Published: 29 January 2009

Abstract

Background

We investigated the influence of genotyping errors on the type I error rate and empirical power of two haplotype based association methods applied to candidate regions. We compared the performance of the Mantel Statistic Using Haplotype Sharing and the haplotype frequency based score test with that of the Armitage trend test.

Our study is based on 1000 replication of simulated case-control data settings with 500 cases and 500 controls, respectively. One of the examined markers was set to be the disease locus with a simulated odds ratio of 3. Differential and non-differential genotyping errors were introduced following a misclassification model with varying mean error rates per locus in the range of 0.2% to 15.6%.

Results

We found that the type I error rate of all three test statistics hold the nominal significance level in the presence of nondifferential genotyping errors and low error rates.

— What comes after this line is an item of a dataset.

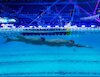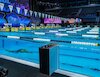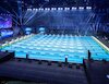 For this significant occasion, Myrtha Pools built a warm-up pool and a competition pool in the arena space, where the hotel usually hosts grand events and boxing matches. The competition pool was designed with a 21 m acrylic wall with a vanishing edge: something no one had ever seen before during such important events.

For high and differential error rates, the type I error rate of all three test statistics was inflated, even when genetic markers not in Hardy-Weinberg Equilibrium were removed. The empirical power of all three association test statistics remained high at around 89% to 94% when genotyping error rates were low, but decreased to 48% to 80% for high and nondifferential genotyping error rates.

Conclusion

Currently realistic genotyping error rates for candidate gene analysis (mean error rate per locus of 0.2%) pose no significant problem for the type I error rate as well as the power of all three investigated test statistics.